I have a list of zip codes where some of them include the +4, which I don't need. Others are either too short (typos) or foreign. Currently all cells are objects.
Example could be:
member state country zip joined
16081 NY UNITED STATES 11215 9/4/09
21186 NY UNITED STATES 5325 8/9/11
34999 NY UNITED STATES 11218 11/4/16
34999 NY FOOBAR STATES NaN 11/4/16
5033 NY UNITED STATES 11238-1630 11/7/16
35079 NY FOOBAR STATES SW4 9JX 11/13/16
35084 NY UNITED STATES 11217-2181 11/14/16
and I'd like to end up with
member state country zip joined
16081 NY UNITED STATES 11215 9/4/09
21186 NY UNITED STATES 5325 8/9/11
34999 NY UNITED STATES 11218 11/4/16
34999 NY FOOBAR STATES NA 11/4/16
5033 NY UNITED STATES 11238 11/7/16
35079 NY FOOBAR STATES SW4 9JX 11/13/16
35084 NY UNITED STATES 11217 11/14/16
Here are a few things I've tried in terms of coding:
for x in df.zip:
if len(x) > 5:
print x.split("-")[0]
x[:x.index("-")]
returns TypeError: object of type 'float' has no len()
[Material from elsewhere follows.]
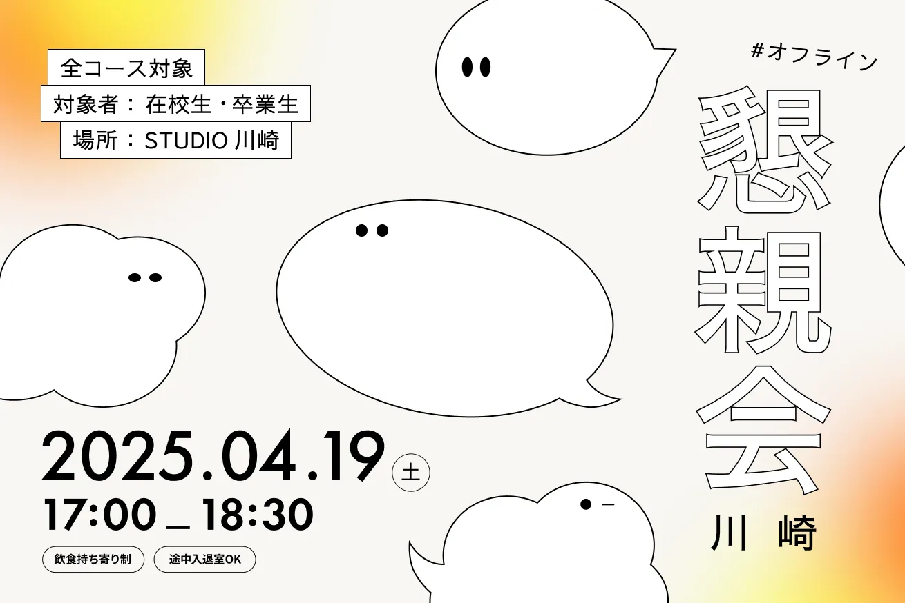 社会人スクールのイベントバナーを制作しました。 オンライン学習中心の受講生たちが気軽に集まれるよう、やわらかく親しみやすいビジュアルで「話しかけやすさ」を演出。吹き出しをキャラクター化し、会話の楽しさと敷居の低さを表現しました。

df['zips'] = df['zip'].map(lambda x: x.rstrip('-'/n))
returns NameError: global name 'n' is not defined
def zipclip(x):
if x.isnumeric:
if len(x) > 5:
return z[:5]
elif len(x) < 5:
return "NA"
returns AttributeError: 'str' object has no attribute 'isnumeric'
df.zip = [line[:5] if line[:5].isnumeric() and line[6:].isnumeric() else\
line for line in zip if line]
returns TypeError: 'builtin_function_or_method' object is not iterable
Here are some of the places I've looked:
(sorry if I've gone overboard with documentation--I've been criticized in the past and wanted to make sure folks knew I've been working on it)
Upvotes: 2
Views: 998
Reputation: 210952
Try this:
In [88]: df.zip = df.zip.str.split('-').str[0]
In [89]: df
Out[89]:
member state country zip joined
0 16081 NY UNITED STATES 11215 9/4/09
1 21186 NY UNITED STATES 5325 8/9/11
2 34999 NY UNITED STATES 11218 11/4/16
3 34999 NY FOOBAR STATES NaN 11/4/16
4 5033 NY UNITED STATES 11238 11/7/16
5 35079 NY FOOBAR STATES SW4 9JX 11/13/16
6 35084 NY UNITED STATES 11217 11/14/16
Upvotes: 1
Reputation: 303
I'm guessing you guys have done it in a more pythonically correct way (which I'll be checking out)! But this worked for me ( just needed to change the NaN to a string, "NA"):
df['zip'].fillna('NA', inplace=True)
def ziplist(x):
if len(x) > 5:
return x[0:4]
else:
return x
df['zip'] = df['zip'].apply(ziplist);
Upvotes: 0
Reputation: 12515
You can take the zip
column and turn it into a list
df = pd.DataFrame({"zip": ['11215', '5325', '11218', np.nan, '11238-1630', 'SW4 9JX', '11217-2181']})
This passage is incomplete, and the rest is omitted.